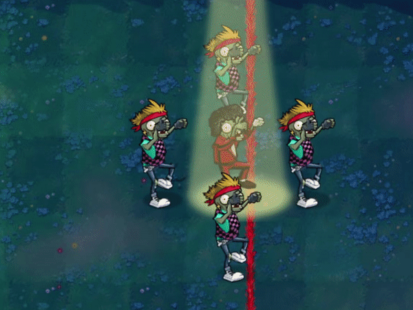 The Dancing Zombie enters the lawn dancing backward. It is accompanied by his own jingle tune and also a color-changing spotlight appears out of the sky, following the Dancing Zombie. He then turns around and summons four Backup Dancers in the squares above, below, in front of, and behind him. Then, he starts dancing across the lawn moving close to the Player's House. The Dancing Zombie and his Backup Dancers dance at the same speed and won't break formation. If one of them has to stop or is slowed down through freezing, the others will stop or slow down as well. If any of his Backup Dancers die, the Dancing Zombie will summon replacements. It is worth 5 points in zombie spawning. The Dancing Zombie only spawns in the middle 3 lanes in Day and Night.
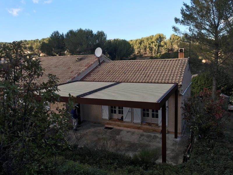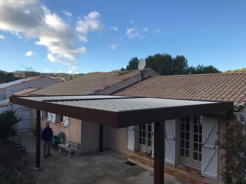 La société Alberstore à Aubagne a fourni et posé une pergola bioclimatique d'une longueur de 7 mètres et d'une profondeur de 4,7 M à Marseille (fabrication de la pergola sur mesure par la marque française Distral). Cette pergola à lames orientables est composée de 2 modules (du fait de sa grande longueur). Notre client a pu choisir parmi de nombreuses options proposées pour personnaliser sa pergola bioclimatique et intégrer la pergola au style de sa maison. Il a donc opté pour une forme de lames plates (plutôt qu'en S) et une bicoloration de la pergola : la stucture est marron alors que les lames de ce brise soleil sont beiges. Il a également choisi un éclairage de sa terrasse par spots intégrés aux lames et aux poutres du pourtour de la pergola.
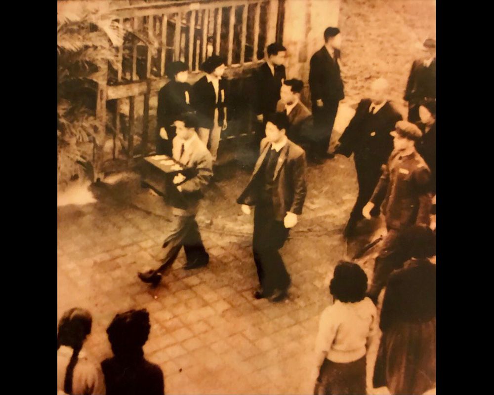 當年安葬典禮當天從傅斯年校長宿舍移靈路程的最後一段是當屆臺大代聯會主席李德進學長 (圖中左一) 捧骨灰盒進傅園。李學長左後方為前一屆代聯會主席羅錦堂。
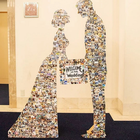 把自己和对象生命里重要的照片拼在一起,形成一个人形立牌,可以是两个人的合照,也可以是和宾客挚友的合照,把它拼成两个人在一起的欢迎牌,用于放在迎宾区,一定人气爆棚
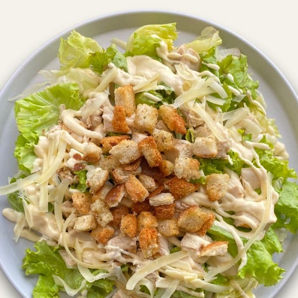Alface americana, 2 x frango em cubos, queijo parmesão, croutons com molho caesar. Não alteramos itens deste prato.
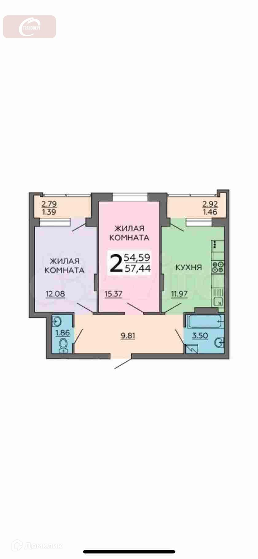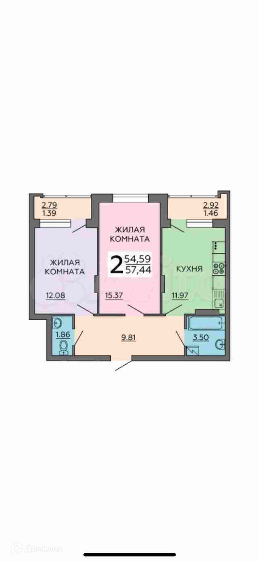 Общая площадь 57.4 м2
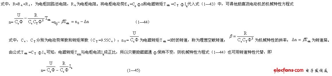 他勵(lì)直流電動(dòng)機(jī)的轉(zhuǎn)速特性可表示為
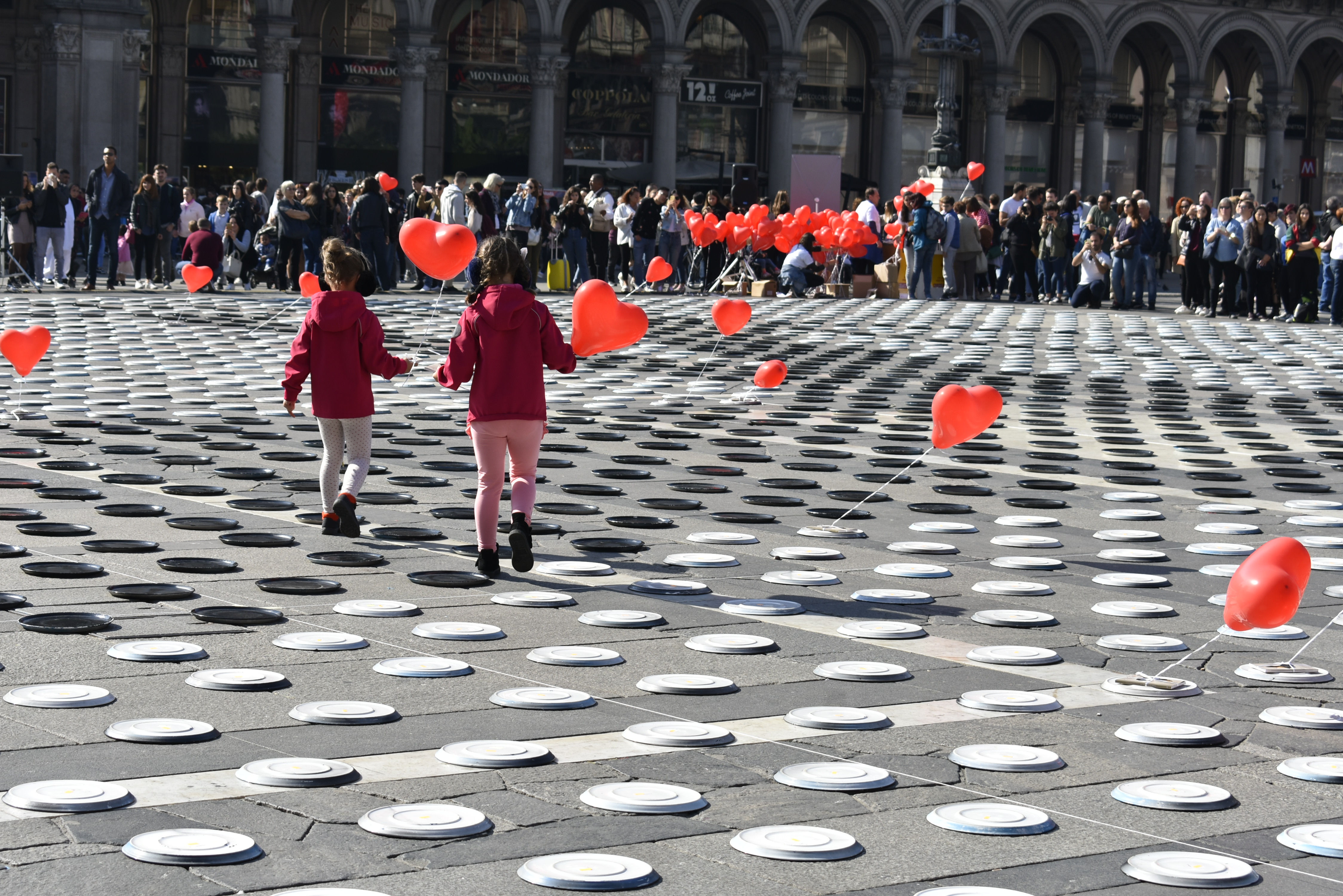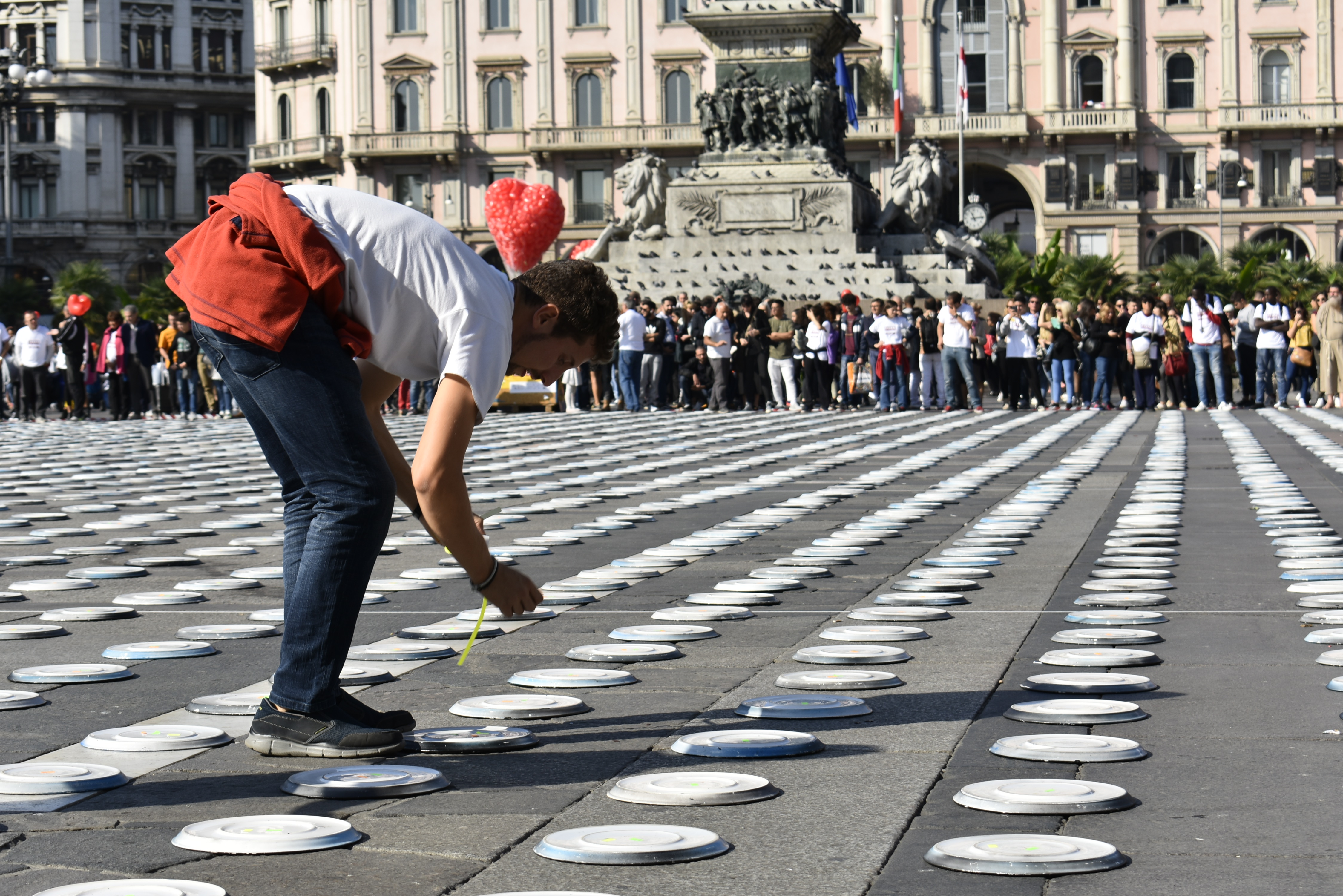 Cefa Onlus ha messo in scena la più grande performance di pixel art urbana partecipata e solidale mai allestita prima. Piazza Duomo, con i suoi 17 mila metri quadrati di superficie, si è trasformata in una grande “tavola della solidarietà” apparecchiata con 10 mila piatti bianchi, vuoti, per ricordare che ancora oggi troppe persone non hanno accesso al cibo. Grazie alla collaborazione di volontari e persone comuni, i piatti a uno a uno sono stati capovolti per formare, dapprima, il disegno dell’Africa, poi quello di un libro da cui nasce una spiga – illustrazione ideata dal noto fumettista Francesco Tullio Altan – e, infine, la sagoma dell’Uomo vitruviano di Leonardo da Vinci, a sottolineare – proprio nel cinquecentenario della scomparsa del Genio- come l’educazione e lo studio, la formazione agricola e la conoscenza tecnica siano i mezzi fondamentali per sconfiggere la fame.
========
Exact copy, no pictures: please print the data above once more.

 The Dancing Zombie enters the lawn dancing backward. It is accompanied by his own jingle tune and also a color-changing spotlight appears out of the sky, following the Dancing Zombie. He then turns around and summons four Backup Dancers in the squares above, below, in front of, and behind him. Then, he starts dancing across the lawn moving close to the Player's House. The Dancing Zombie and his Backup Dancers dance at the same speed and won't break formation. If one of them has to stop or is slowed down through freezing, the others will stop or slow down as well. If any of his Backup Dancers die, the Dancing Zombie will summon replacements. It is worth 5 points in zombie spawning. The Dancing Zombie only spawns in the middle 3 lanes in Day and Night.
 La société Alberstore à Aubagne a fourni et posé une pergola bioclimatique d'une longueur de 7 mètres et d'une profondeur de 4,7 M à Marseille (fabrication de la pergola sur mesure par la marque française Distral). Cette pergola à lames orientables est composée de 2 modules (du fait de sa grande longueur). Notre client a pu choisir parmi de nombreuses options proposées pour personnaliser sa pergola bioclimatique et intégrer la pergola au style de sa maison. Il a donc opté pour une forme de lames plates (plutôt qu'en S) et une bicoloration de la pergola : la stucture est marron alors que les lames de ce brise soleil sont beiges. Il a également choisi un éclairage de sa terrasse par spots intégrés aux lames et aux poutres du pourtour de la pergola.
 當年安葬典禮當天從傅斯年校長宿舍移靈路程的最後一段是當屆臺大代聯會主席李德進學長 (圖中左一) 捧骨灰盒進傅園。李學長左後方為前一屆代聯會主席羅錦堂。
 把自己和对象生命里重要的照片拼在一起,形成一个人形立牌,可以是两个人的合照,也可以是和宾客挚友的合照,把它拼成两个人在一起的欢迎牌,用于放在迎宾区,一定人气爆棚
Alface americana, 2 x frango em cubos, queijo parmesão, croutons com molho caesar. Não alteramos itens deste prato.
 Общая площадь 57.4 м2
 他勵(lì)直流電動(dòng)機(jī)的轉(zhuǎn)速特性可表示為
 Cefa Onlus ha messo in scena la più grande performance di pixel art urbana partecipata e solidale mai allestita prima. Piazza Duomo, con i suoi 17 mila metri quadrati di superficie, si è trasformata in una grande “tavola della solidarietà” apparecchiata con 10 mila piatti bianchi, vuoti, per ricordare che ancora oggi troppe persone non hanno accesso al cibo. Grazie alla collaborazione di volontari e persone comuni, i piatti a uno a uno sono stati capovolti per formare, dapprima, il disegno dell’Africa, poi quello di un libro da cui nasce una spiga – illustrazione ideata dal noto fumettista Francesco Tullio Altan – e, infine, la sagoma dell’Uomo vitruviano di Leonardo da Vinci, a sottolineare – proprio nel cinquecentenario della scomparsa del Genio- come l’educazione e lo studio, la formazione agricola e la conoscenza tecnica siano i mezzi fondamentali per sconfiggere la fame.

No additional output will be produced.